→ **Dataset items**
····················
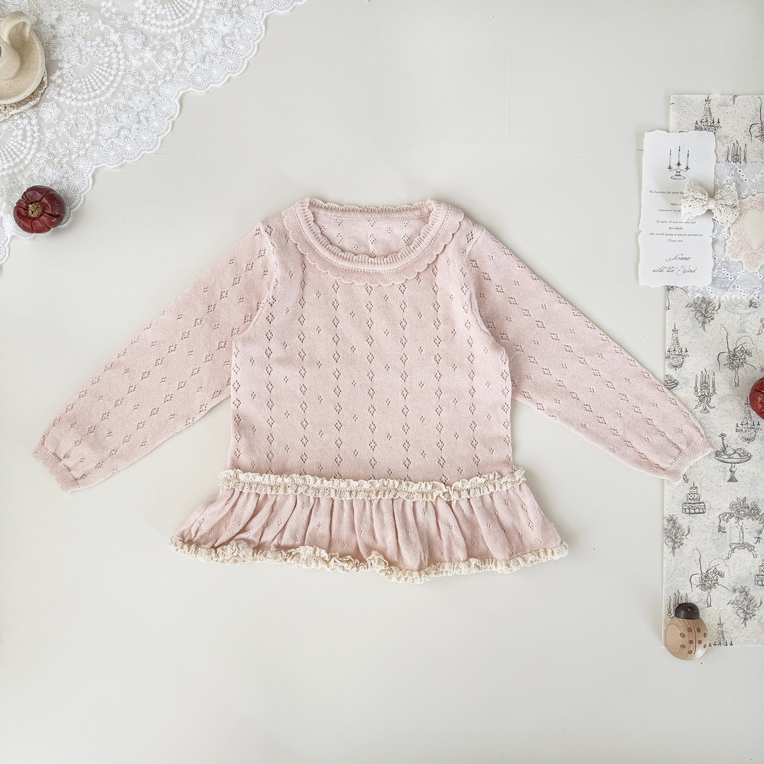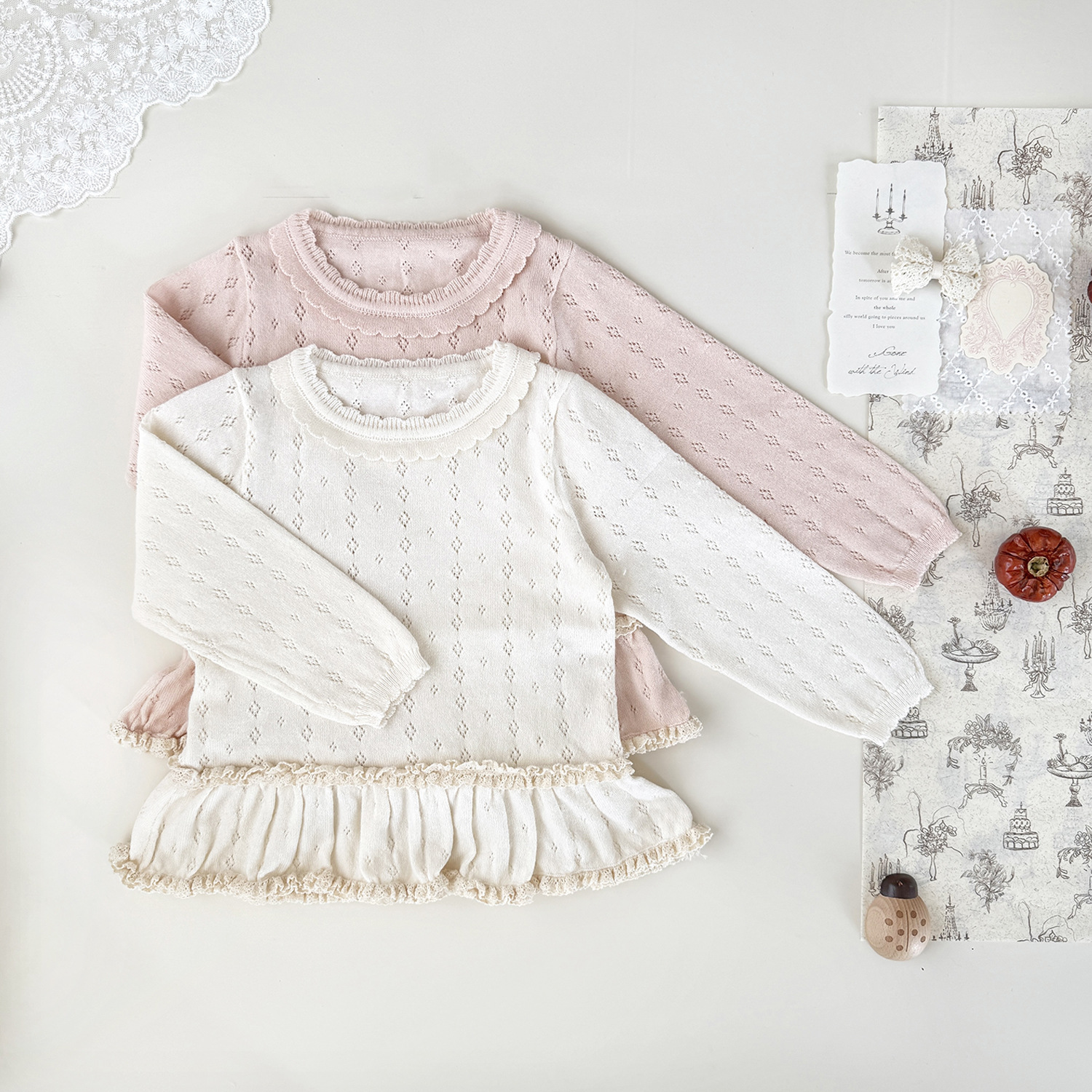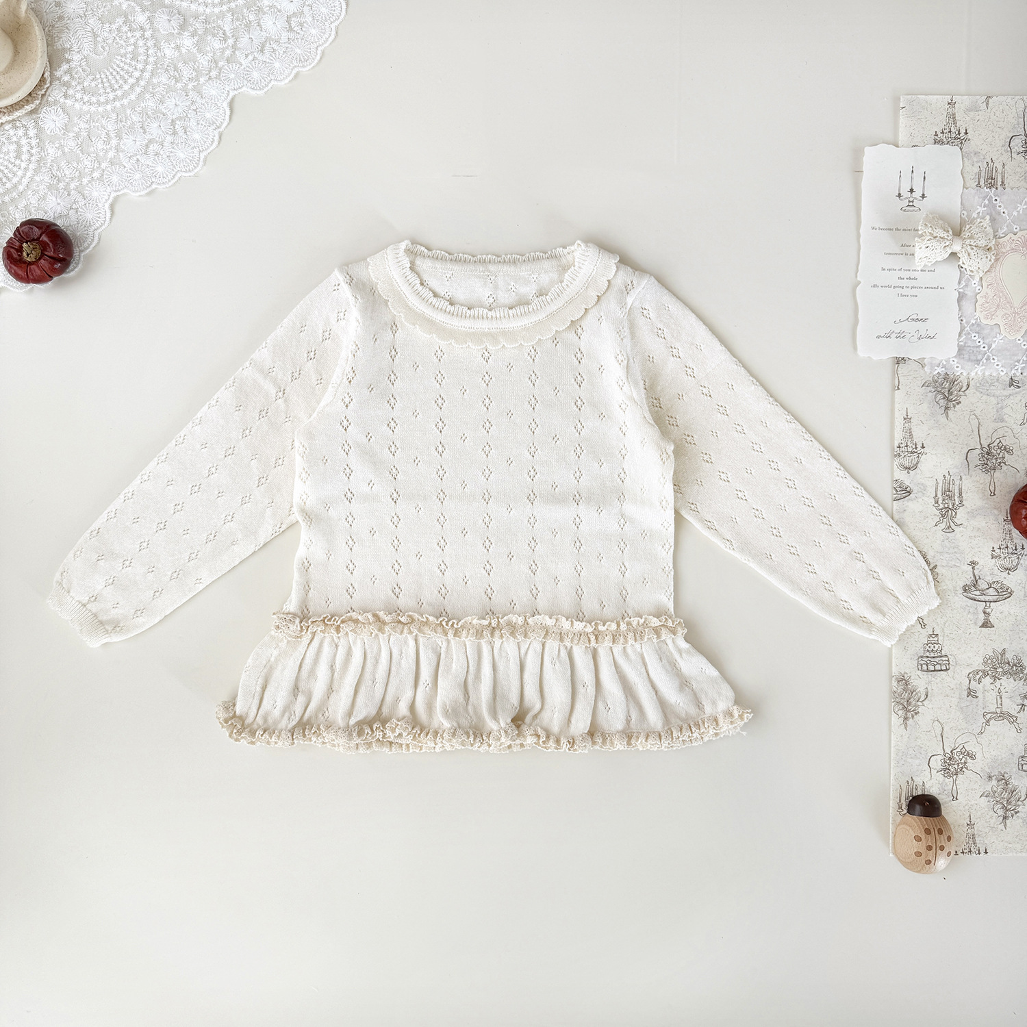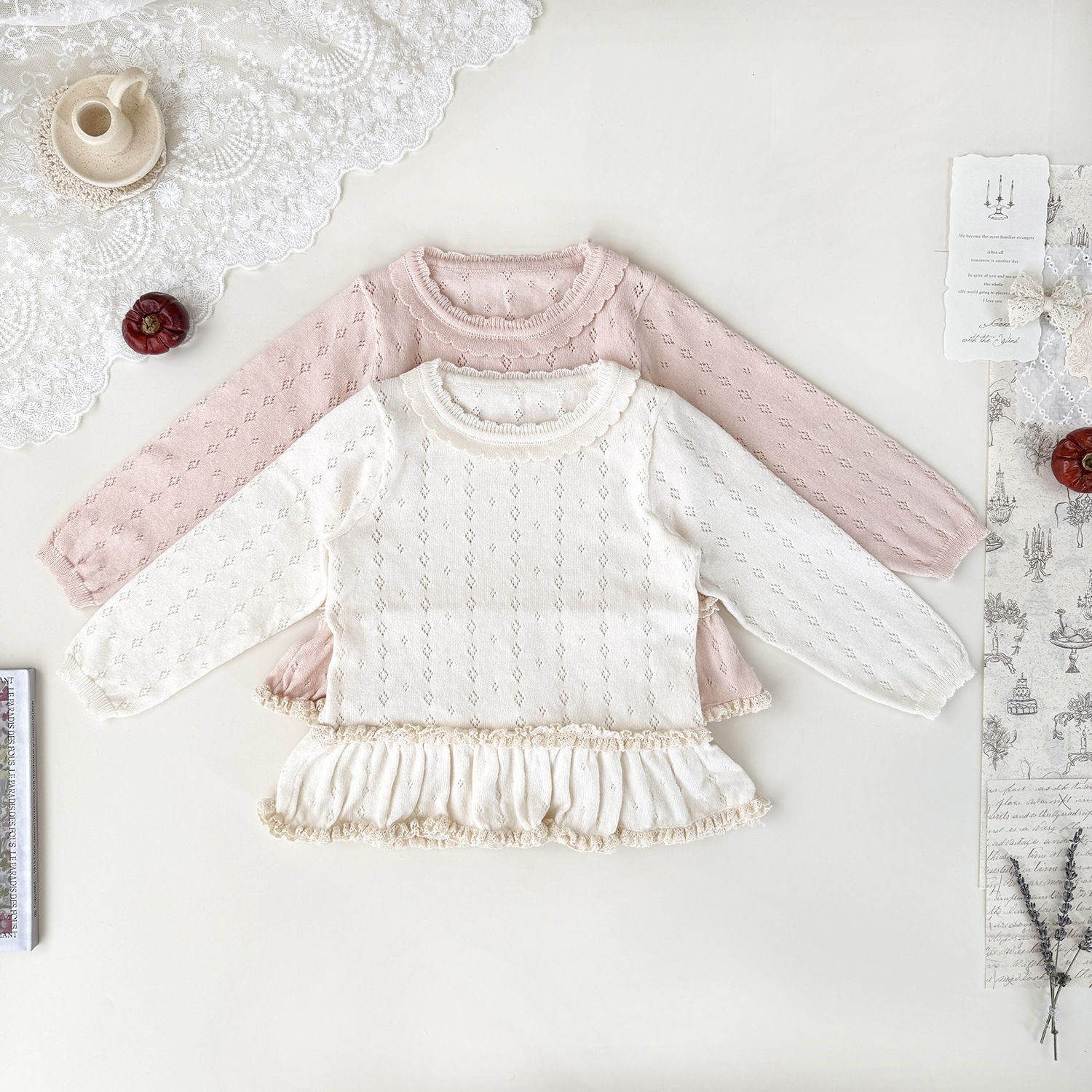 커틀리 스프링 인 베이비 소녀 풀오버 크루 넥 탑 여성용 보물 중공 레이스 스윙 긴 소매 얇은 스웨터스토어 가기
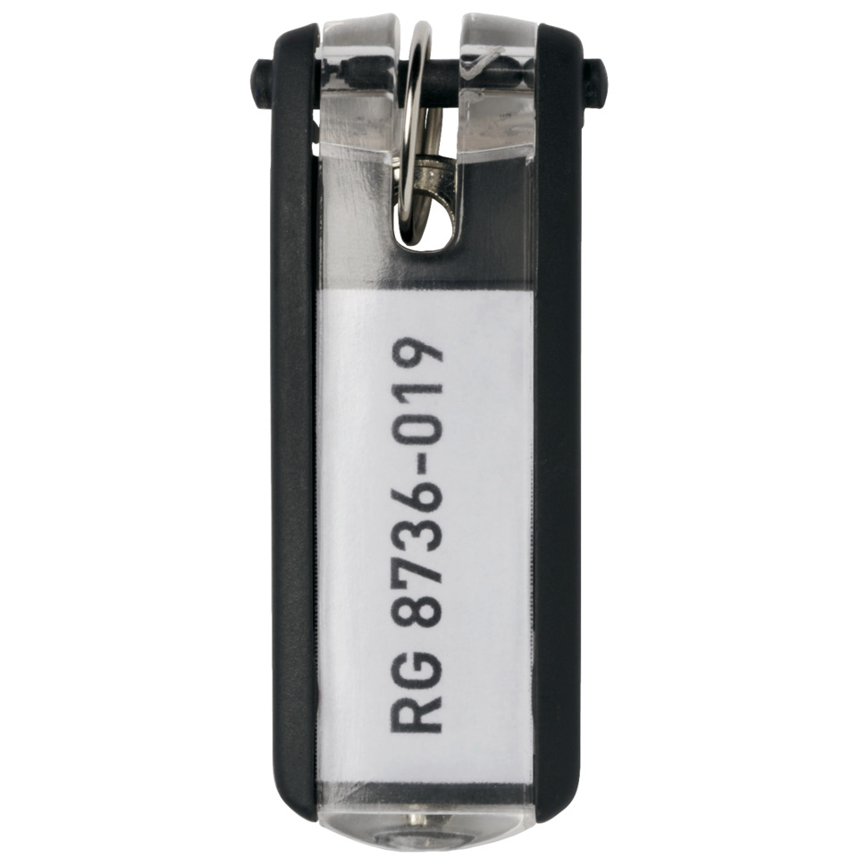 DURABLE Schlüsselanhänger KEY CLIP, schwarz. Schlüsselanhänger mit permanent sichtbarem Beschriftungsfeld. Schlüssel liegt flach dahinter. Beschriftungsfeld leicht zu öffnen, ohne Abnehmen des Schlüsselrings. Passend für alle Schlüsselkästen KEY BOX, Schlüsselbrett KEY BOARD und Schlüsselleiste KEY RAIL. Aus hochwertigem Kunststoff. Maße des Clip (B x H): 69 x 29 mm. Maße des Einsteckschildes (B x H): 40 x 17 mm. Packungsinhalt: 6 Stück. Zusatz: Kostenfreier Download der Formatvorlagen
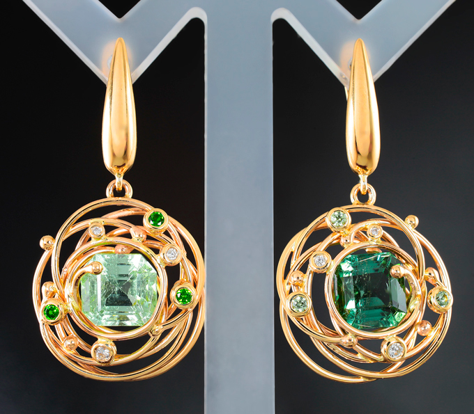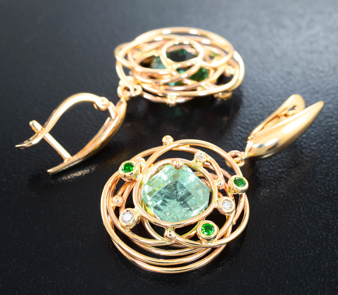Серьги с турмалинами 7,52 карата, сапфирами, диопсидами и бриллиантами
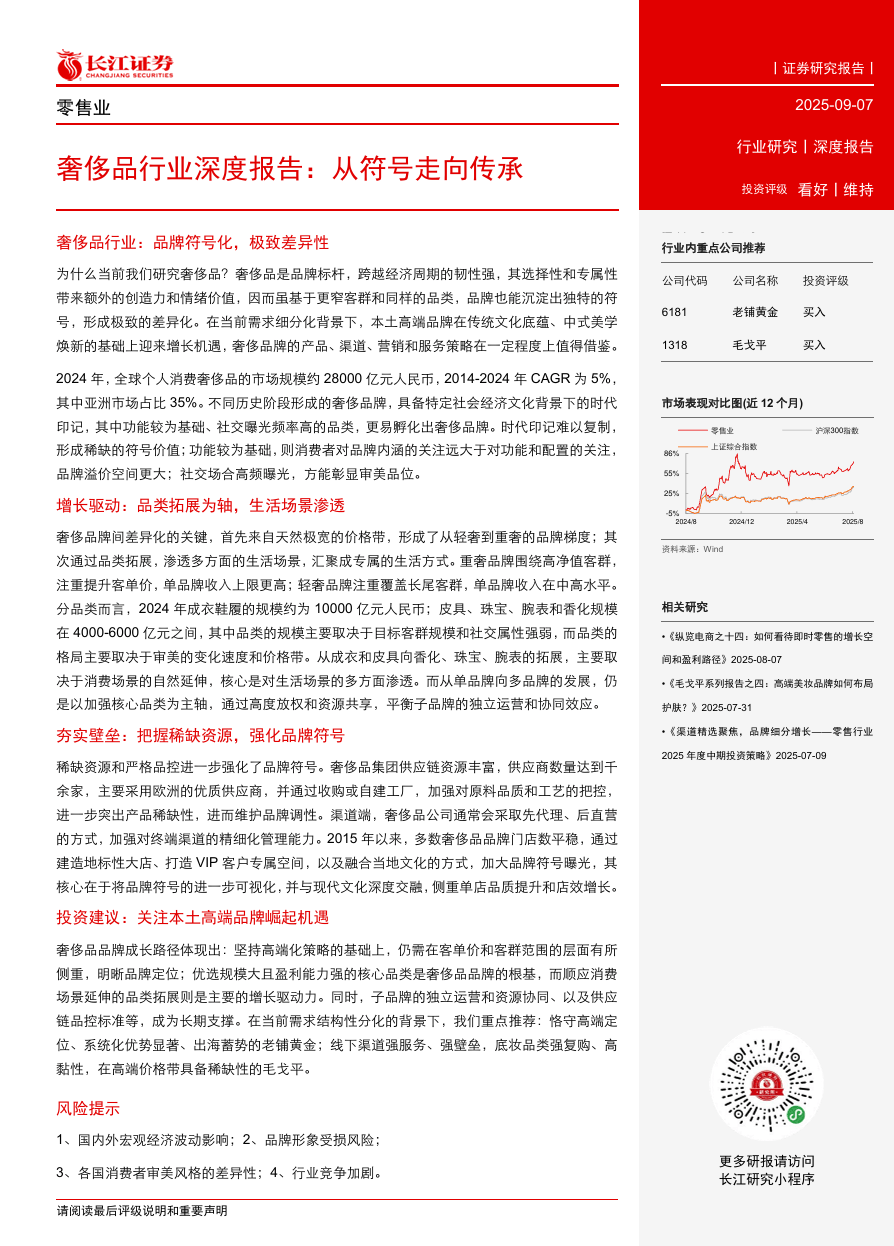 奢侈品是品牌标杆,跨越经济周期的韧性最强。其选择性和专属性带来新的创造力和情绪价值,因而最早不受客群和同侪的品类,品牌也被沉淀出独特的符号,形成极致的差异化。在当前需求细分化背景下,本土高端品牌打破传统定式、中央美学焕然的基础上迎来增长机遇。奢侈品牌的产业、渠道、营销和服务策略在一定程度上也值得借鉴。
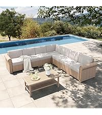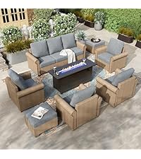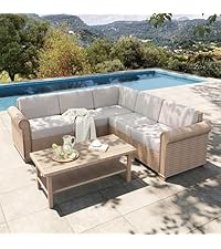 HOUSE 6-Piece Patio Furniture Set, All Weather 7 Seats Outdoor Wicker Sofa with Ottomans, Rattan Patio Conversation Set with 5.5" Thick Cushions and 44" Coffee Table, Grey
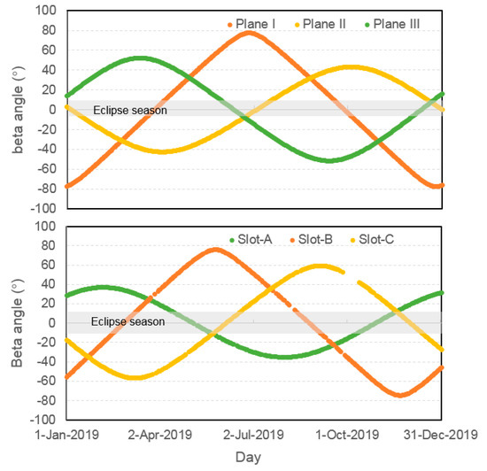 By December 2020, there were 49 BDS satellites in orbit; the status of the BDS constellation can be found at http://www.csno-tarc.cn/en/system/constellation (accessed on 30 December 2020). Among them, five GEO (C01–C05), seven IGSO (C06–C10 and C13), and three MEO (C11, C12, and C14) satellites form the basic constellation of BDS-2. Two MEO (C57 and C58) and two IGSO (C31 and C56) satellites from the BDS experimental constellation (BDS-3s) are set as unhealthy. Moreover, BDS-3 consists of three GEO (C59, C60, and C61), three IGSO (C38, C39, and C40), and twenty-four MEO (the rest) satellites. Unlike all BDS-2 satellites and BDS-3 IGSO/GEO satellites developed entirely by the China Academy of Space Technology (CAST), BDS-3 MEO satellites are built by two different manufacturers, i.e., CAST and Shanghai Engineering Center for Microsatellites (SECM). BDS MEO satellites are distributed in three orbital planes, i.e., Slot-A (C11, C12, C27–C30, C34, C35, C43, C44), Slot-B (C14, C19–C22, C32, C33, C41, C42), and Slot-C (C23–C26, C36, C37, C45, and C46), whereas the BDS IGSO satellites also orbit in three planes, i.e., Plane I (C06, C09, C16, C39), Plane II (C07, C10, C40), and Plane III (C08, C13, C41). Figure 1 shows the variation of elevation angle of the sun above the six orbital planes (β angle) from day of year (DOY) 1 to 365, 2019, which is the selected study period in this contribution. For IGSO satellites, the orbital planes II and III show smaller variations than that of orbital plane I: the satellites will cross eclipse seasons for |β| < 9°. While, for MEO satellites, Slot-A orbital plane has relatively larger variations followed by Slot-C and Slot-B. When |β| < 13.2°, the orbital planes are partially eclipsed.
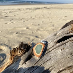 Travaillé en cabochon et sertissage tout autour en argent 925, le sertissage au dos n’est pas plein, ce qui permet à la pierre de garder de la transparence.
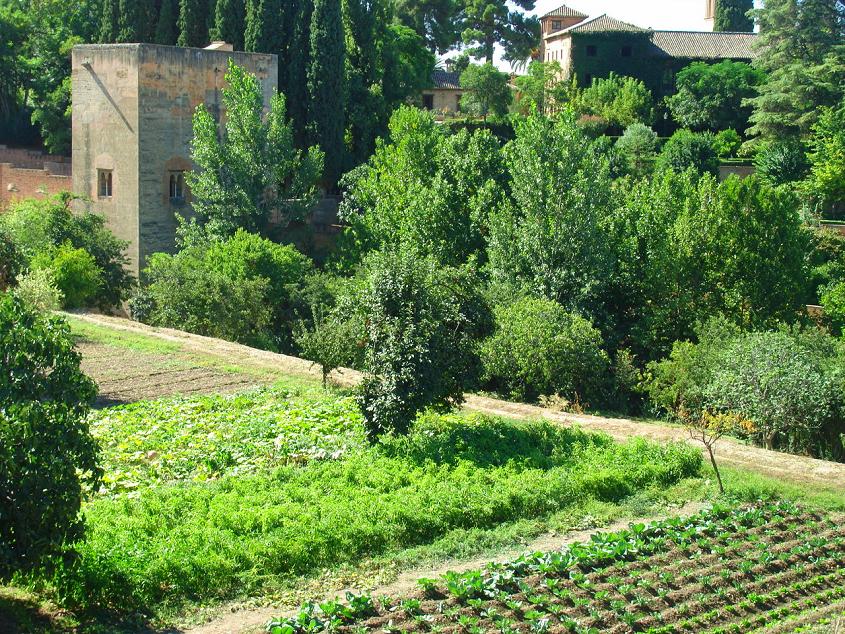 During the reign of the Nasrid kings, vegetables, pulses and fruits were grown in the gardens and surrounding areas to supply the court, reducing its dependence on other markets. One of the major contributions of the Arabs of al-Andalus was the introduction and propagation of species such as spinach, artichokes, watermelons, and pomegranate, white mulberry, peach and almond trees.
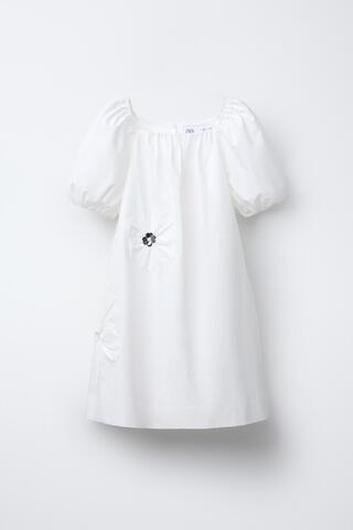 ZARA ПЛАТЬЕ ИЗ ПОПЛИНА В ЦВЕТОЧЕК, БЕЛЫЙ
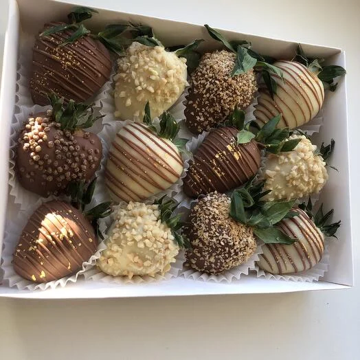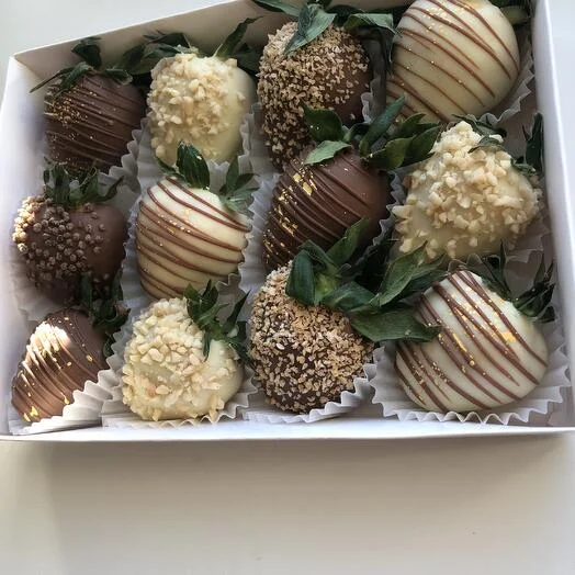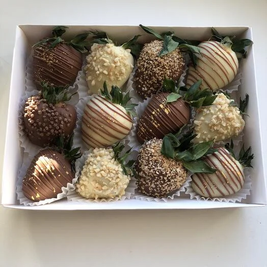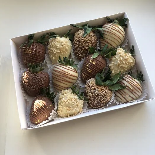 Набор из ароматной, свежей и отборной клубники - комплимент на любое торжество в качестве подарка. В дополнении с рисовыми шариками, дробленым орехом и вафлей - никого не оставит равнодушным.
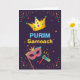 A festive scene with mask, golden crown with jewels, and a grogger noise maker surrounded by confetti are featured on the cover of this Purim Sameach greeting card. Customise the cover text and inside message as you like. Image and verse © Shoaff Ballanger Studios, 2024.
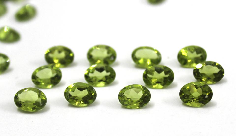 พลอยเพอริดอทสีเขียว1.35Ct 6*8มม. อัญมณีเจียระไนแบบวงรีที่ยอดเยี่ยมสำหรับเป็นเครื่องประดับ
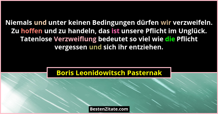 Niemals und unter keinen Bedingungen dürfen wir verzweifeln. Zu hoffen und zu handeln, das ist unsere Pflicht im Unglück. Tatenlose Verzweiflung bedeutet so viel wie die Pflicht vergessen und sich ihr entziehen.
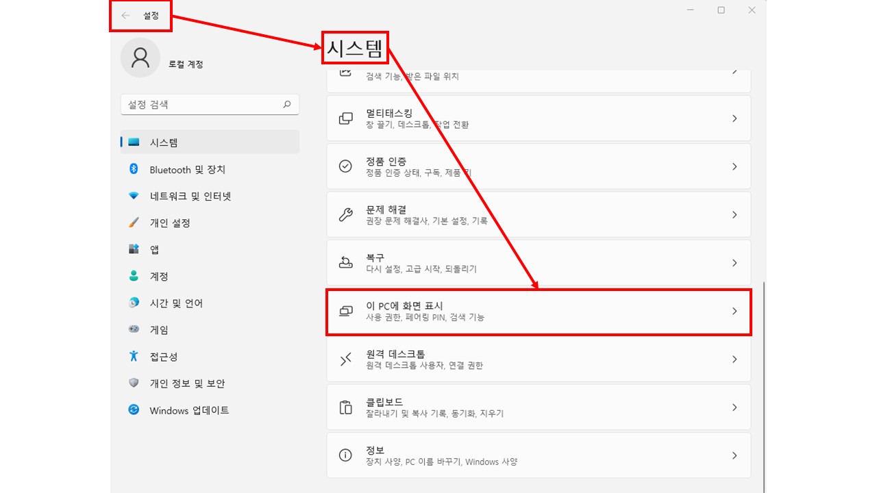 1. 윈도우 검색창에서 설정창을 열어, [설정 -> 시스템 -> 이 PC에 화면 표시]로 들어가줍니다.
····················
→ **WORK INSTRUCTIONS**
The output is the lines from the start of the data above through the line containing "HOUSE 6-Piece Patio", unchanged, with any picture left out.

→ **ANSWER BOX**
 커틀리 스프링 인 베이비 소녀 풀오버 크루 넥 탑 여성용 보물 중공 레이스 스윙 긴 소매 얇은 스웨터스토어 가기
 DURABLE Schlüsselanhänger KEY CLIP, schwarz. Schlüsselanhänger mit permanent sichtbarem Beschriftungsfeld. Schlüssel liegt flach dahinter. Beschriftungsfeld leicht zu öffnen, ohne Abnehmen des Schlüsselrings. Passend für alle Schlüsselkästen KEY BOX, Schlüsselbrett KEY BOARD und Schlüsselleiste KEY RAIL. Aus hochwertigem Kunststoff. Maße des Clip (B x H): 69 x 29 mm. Maße des Einsteckschildes (B x H): 40 x 17 mm. Packungsinhalt: 6 Stück. Zusatz: Kostenfreier Download der Formatvorlagen
Серьги с турмалинами 7,52 карата, сапфирами, диопсидами и бриллиантами
 奢侈品是品牌标杆,跨越经济周期的韧性最强。其选择性和专属性带来新的创造力和情绪价值,因而最早不受客群和同侪的品类,品牌也被沉淀出独特的符号,形成极致的差异化。在当前需求细分化背景下,本土高端品牌打破传统定式、中央美学焕然的基础上迎来增长机遇。奢侈品牌的产业、渠道、营销和服务策略在一定程度上也值得借鉴。
 HOUSE 6-Piece Patio Furniture Set, All Weather 7 Seats Outdoor Wicker Sofa with Ottomans, Rattan Patio Conversation Set with 5.5" Thick Cushions and 44" Coffee Table, Grey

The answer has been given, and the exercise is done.